[Data excerpts]
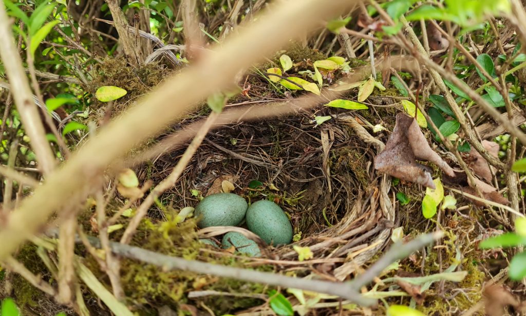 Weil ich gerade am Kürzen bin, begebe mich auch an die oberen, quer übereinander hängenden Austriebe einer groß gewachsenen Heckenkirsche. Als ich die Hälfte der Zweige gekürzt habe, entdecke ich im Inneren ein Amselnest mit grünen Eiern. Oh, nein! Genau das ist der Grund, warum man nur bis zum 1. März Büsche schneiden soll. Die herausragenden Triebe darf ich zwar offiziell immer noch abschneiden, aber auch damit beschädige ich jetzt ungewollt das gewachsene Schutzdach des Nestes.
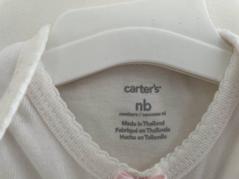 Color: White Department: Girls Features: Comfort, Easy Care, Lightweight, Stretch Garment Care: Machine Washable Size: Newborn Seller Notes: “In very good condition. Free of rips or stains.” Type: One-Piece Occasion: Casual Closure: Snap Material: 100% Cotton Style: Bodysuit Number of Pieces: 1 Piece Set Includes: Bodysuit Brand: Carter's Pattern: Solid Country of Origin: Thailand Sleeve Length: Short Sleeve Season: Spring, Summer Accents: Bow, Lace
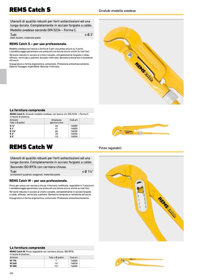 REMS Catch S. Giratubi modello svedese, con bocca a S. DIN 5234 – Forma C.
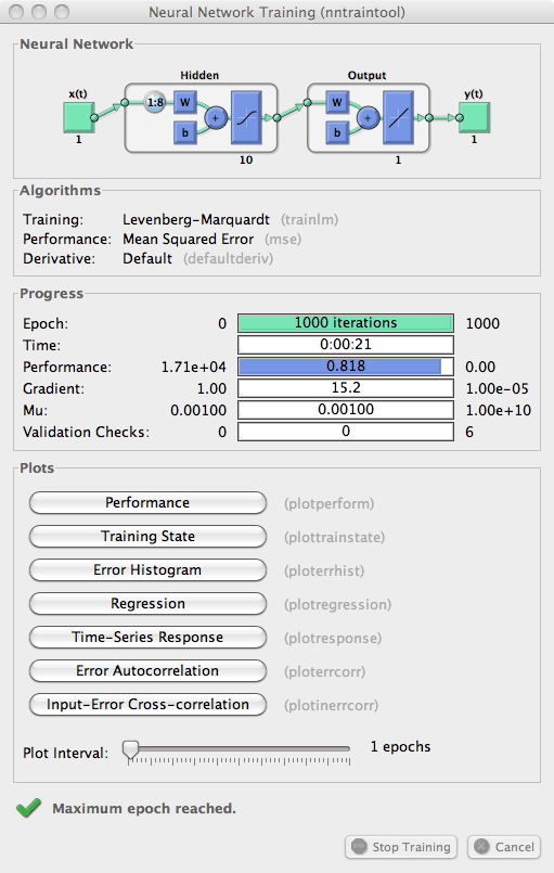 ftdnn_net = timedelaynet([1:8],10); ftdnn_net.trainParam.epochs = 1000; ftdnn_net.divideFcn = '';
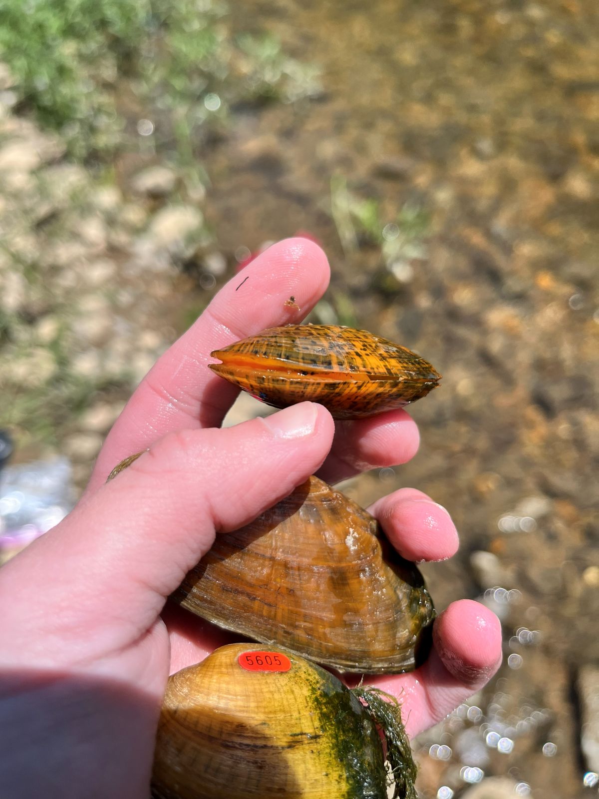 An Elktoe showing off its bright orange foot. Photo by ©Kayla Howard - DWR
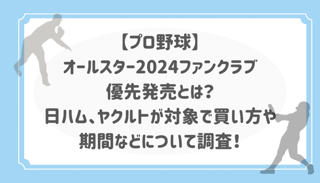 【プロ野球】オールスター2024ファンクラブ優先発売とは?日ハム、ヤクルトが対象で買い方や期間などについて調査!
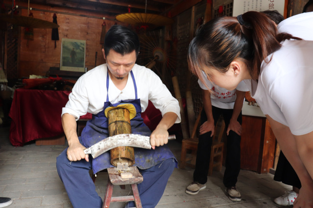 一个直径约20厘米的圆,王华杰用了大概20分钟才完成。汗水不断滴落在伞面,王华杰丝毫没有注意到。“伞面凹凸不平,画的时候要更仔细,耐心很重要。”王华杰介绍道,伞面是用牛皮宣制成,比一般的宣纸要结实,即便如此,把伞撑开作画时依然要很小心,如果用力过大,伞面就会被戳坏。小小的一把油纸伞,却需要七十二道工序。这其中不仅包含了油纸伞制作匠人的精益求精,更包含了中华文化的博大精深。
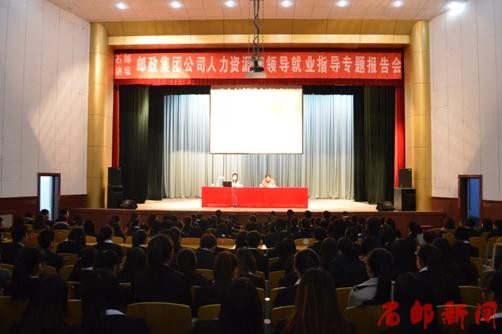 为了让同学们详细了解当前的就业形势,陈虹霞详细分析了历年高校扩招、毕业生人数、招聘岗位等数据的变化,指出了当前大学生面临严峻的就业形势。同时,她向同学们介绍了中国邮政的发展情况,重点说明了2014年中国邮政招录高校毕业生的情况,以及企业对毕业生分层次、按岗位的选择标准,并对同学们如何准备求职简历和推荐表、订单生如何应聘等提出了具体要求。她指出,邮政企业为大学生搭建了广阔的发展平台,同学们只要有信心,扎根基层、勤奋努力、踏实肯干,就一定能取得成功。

Directions for this task =>
Transcribe all the records above word for word, without their images.

Task output =>
 Weil ich gerade am Kürzen bin, begebe mich auch an die oberen, quer übereinander hängenden Austriebe einer groß gewachsenen Heckenkirsche. Als ich die Hälfte der Zweige gekürzt habe, entdecke ich im Inneren ein Amselnest mit grünen Eiern. Oh, nein! Genau das ist der Grund, warum man nur bis zum 1. März Büsche schneiden soll. Die herausragenden Triebe darf ich zwar offiziell immer noch abschneiden, aber auch damit beschädige ich jetzt ungewollt das gewachsene Schutzdach des Nestes.
 Color: White Department: Girls Features: Comfort, Easy Care, Lightweight, Stretch Garment Care: Machine Washable Size: Newborn Seller Notes: “In very good condition. Free of rips or stains.” Type: One-Piece Occasion: Casual Closure: Snap Material: 100% Cotton Style: Bodysuit Number of Pieces: 1 Piece Set Includes: Bodysuit Brand: Carter's Pattern: Solid Country of Origin: Thailand Sleeve Length: Short Sleeve Season: Spring, Summer Accents: Bow, Lace
 REMS Catch S. Giratubi modello svedese, con bocca a S. DIN 5234 – Forma C.
 ftdnn_net = timedelaynet([1:8],10); ftdnn_net.trainParam.epochs = 1000; ftdnn_net.divideFcn = '';
 An Elktoe showing off its bright orange foot. Photo by ©Kayla Howard - DWR
 【プロ野球】オールスター2024ファンクラブ優先発売とは?日ハム、ヤクルトが対象で買い方や期間などについて調査!
 一个直径约20厘米的圆,王华杰用了大概20分钟才完成。汗水不断滴落在伞面,王华杰丝毫没有注意到。“伞面凹凸不平,画的时候要更仔细,耐心很重要。”王华杰介绍道,伞面是用牛皮宣制成,比一般的宣纸要结实,即便如此,把伞撑开作画时依然要很小心,如果用力过大,伞面就会被戳坏。小小的一把油纸伞,却需要七十二道工序。这其中不仅包含了油纸伞制作匠人的精益求精,更包含了中华文化的博大精深。
 为了让同学们详细了解当前的就业形势,陈虹霞详细分析了历年高校扩招、毕业生人数、招聘岗位等数据的变化,指出了当前大学生面临严峻的就业形势。同时,她向同学们介绍了中国邮政的发展情况,重点说明了2014年中国邮政招录高校毕业生的情况,以及企业对毕业生分层次、按岗位的选择标准,并对同学们如何准备求职简历和推荐表、订单生如何应聘等提出了具体要求。她指出,邮政企业为大学生搭建了广阔的发展平台,同学们只要有信心,扎根基层、勤奋努力、踏实肯干,就一定能取得成功。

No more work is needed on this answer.